Incident documentation/2018-04-10 Deleting a page on enwiki
An alter table running on the archive table on the English Wikipedia master database server caused deletion of pages to fail for en.wikipedia.org for ~40 minutes.
It was originally reported at: task T191875 According to logtash 85 errors happened during that time
Timeline (IN UTC)
- 5:20 an ALTER table on enwiki master (db1052) on the externallinks table was started
- 8:20 an ALTER table on enwiki master (db1052) on the archive table was started
- 8:30 Some errors pop in the error log: https://logstash.wikimedia.org/goto/becc429ddb975af71624b66402c3f6bb
Example of a failure:
Read timeout is reached (10.64.16.77) INSERT INTO archive (ar_namespace,ar_title,ar_timestamp,ar_minor_edit,ar_rev_id,ar_parent_id,ar_text_id,ar_text,ar_flags,ar_len,ar_page_id,ar_deleted,ar_sha1,ar_comment,ar_comment_id,ar_user,ar_user_text,ar_content_model,ar_content_format) VALUES ('14','Articles_needing_sections_from_August_2015','xx','0','xx','0','xx',,,'xx','xx','0','xx','Creating monthly dated maintenance category for current month','xx','xx','xx',NULL,NULL)

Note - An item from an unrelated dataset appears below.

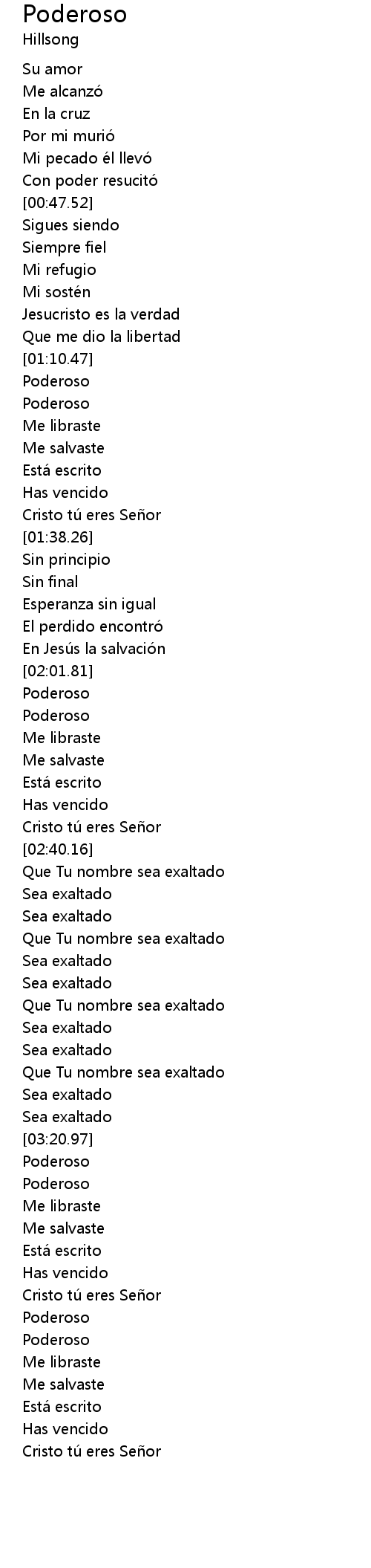 | [03:00.81] | Que Tu nombre sea exaltado |

- 9:19: Alter table finished and errors are gone
- 9:22 it is confirmed that everything works again at: task T191875#4119589
A total of 85 errors happened between 08:20 and 09:19
The following ALTER table caused issues on db1052 (enwiki master) when deleting (and probably when moving) a page but not on the other 6 masters it was executed before: SET SESSION innodb_lock_wait_timeout=1; SET SESSION lock_wait_timeout=30; ALTER TABLE archive MODIFY COLUMN ar_text mediumblob NULL, MODIFY COLUMN ar_flags tinyblob NULL;
There were a total of 85 errors during the time of the incident.
It was also noticed that the master had ongoing queries (task T191875#4119715) for the archive table, that might have also contributed to this issue. Whether it is the cause or the consequence is still unknown.
As described at: task T191875#4119820 this ALTER is fully online (and has not caused issues anywhere else)
We are still investigating why this has been caused, but so far everything looks like a race condition.
The following task has also been created to try to check if the new queries may be creating additional contention (although it is not yet clear this is the root/only cause of the incident)
- Reduce locking contention on deletion of pages (phab:T191892)